# BBQ Mops



## bishopx (Aug 10, 2011)

*Mop #1*

Ingredients:

3c.       Apple juice

1c.       Vegetable oil

1/2c.    Worcestershire sauce

1/2c.    Cider vinegar

Instructions:

Mix all ingredients in a pot, and heat over med/low for 20 minutes

It is ready to apply; stir each time before applying.

Tips:

This mop can be applied with a mop brush or by placing the finished product in a spray bottle (let mop cool completely before placing in a spray bottle).  The apple juice is a great addition to a mop because it is not an overpowering flavor, and adds sweetness to the meat.

Shake well each time before spraying or stir well before applying with a mop brush.

*Mop #2*

Ingredients:

1c.       beef broth 

1 1/3c. water 

3/4c.    Worcestershire sauce 

1/2c.    cider vinegar 

1/3c.    Canola oil or vegetable oil 

1 tsp    dry mustard (Optional) 

1 tsp    garlic powder 

1 tsp    red pepper   

Instructions:

1. Mix all ingredients in a pot, and heat over med/low for 20 minutes. 

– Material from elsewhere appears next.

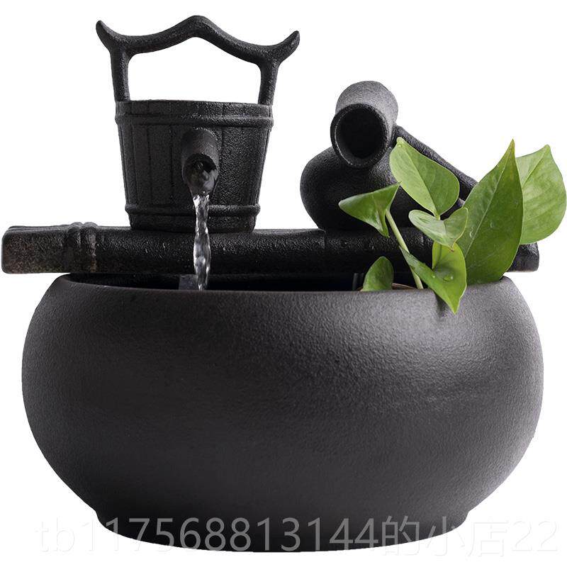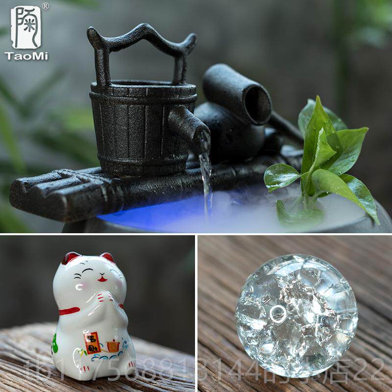 正品陶迷家用加陶瓷流水器客厅泉湿桌器鱼缸面办公室风水喷招财摆
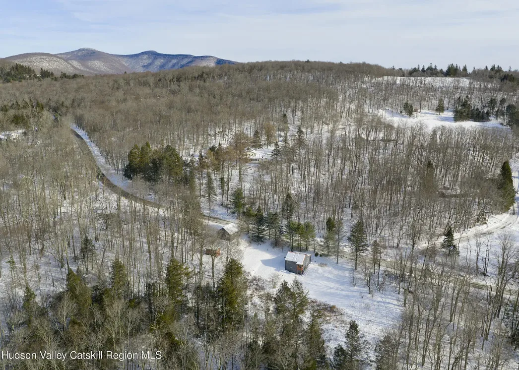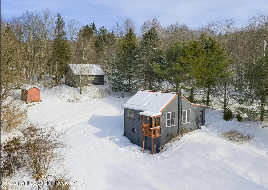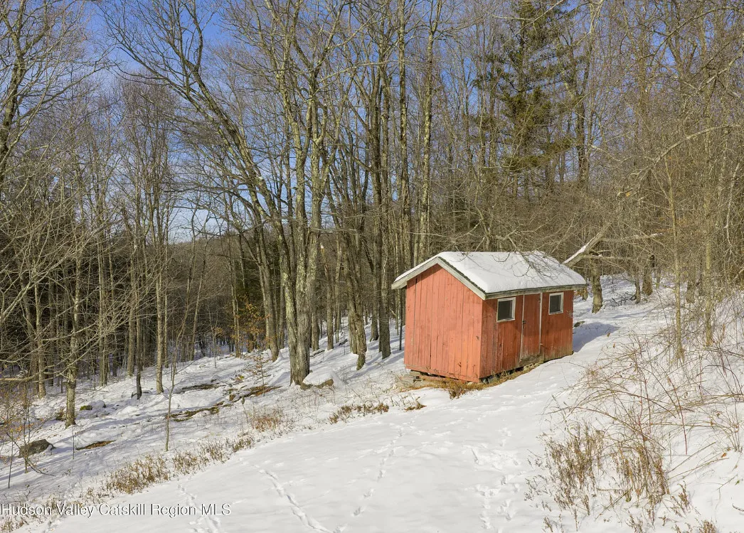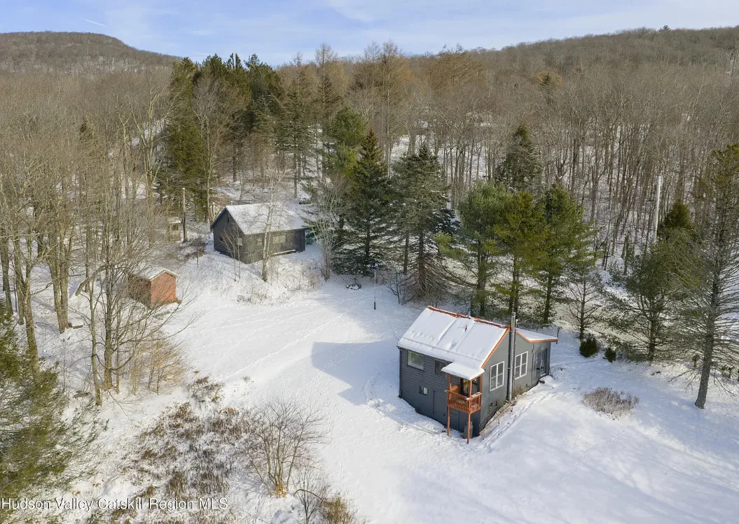 Where the meadows meet the mountains. Winding roads guide you through this special corner of the Catskills, where open fields and rolling hills shift into steeper slopes and dramatic views. Situated on 3 bucolic acres, surrounded by mountains and hundreds of acres of state land, this perfectly appointed petite retreat packs a big punch. Vaulted ceilings create an open and airy vibe, and the lofted area is perfect for extra storage, a cozy reading nook, or a weekend guest. Oversized windows fill the home with light and keep nature in sight at all times. The property features rolling hills, woods to wander, seasonal streams, and expansive views of the surrounding beauty. A shed and a partially finished two bay garage complete the property, and the garage is brimming with potential to be a workshop or art space, as well as parking and storage. Nestled into the Sundown Wild Forest, this property is the perfect jumping off point to explore the area. There are attractions for year round fun with swimming at Peekamoos Blue Hole (15 mins), hiking to Red Hill Fire Tower (5 mins), and mountains in every direction for enjoying the fall colors! It’s 30 mins to Ellenville and Kerhonkson for shopping, dining, farm stands, and too-many-to-name fun local businesses to support. Venture a little further on incredibly scenic roads for skiing at Bellayre or brunch at the Phoenicia Diner!

2. It is ready to use. (Stir before each application)

*Mop #3*

Ingredients:

1/2 cup water 

1/2 cup vinegar 

3 tablespoons yellow mustard 

3 tablespoons olive oil 

1 tablespoon chili powder 

1 tablespoon garlic powder 

1 teaspoon cayenne

Preparation:

Mix all ingredients together and store in the refrigerator. This mop will stay good for about three months refrigerated. Make ahead to allow the flavors to blend and age.

*Mop #4*

Ingredients:

1 cup water 

1/4 cup white vinegar 

3 tablespoons paprika 

1 1/2 tablespoons dry mustard 

1 tablespoon onion powder 

1 tablespoon garlic powder 

1 tablespoon ground basil 

1 tablespoon red pepper 

2 teaspoons black pepper

Preparation:

Combine all ingredients. Store in an airtight container. Apply to ribs while they are smoking in small amounts. You don't want to wash the ribs down, but lightly apply to keep the surface moist.


----------



## SmokinAl (Aug 11, 2011)

Glad to have you with us!

Thanks for the recipes!


----------



## bishopx (Aug 11, 2011)

Thanx SmokinAl!!!  I will try to post a recipe as often as I can to offset ALL that I have learned in the past 24 hours on this site.  You guys and this site are SMOKIN!!!!!!


----------



## michael ark (Aug 11, 2011)

Thanks for shareing.


----------



## meateater (Aug 11, 2011)

Welcome to the SMF. Glad to have you here. Lots of good folks, great recipes and knowledge. Looking forward to your first qview.


----------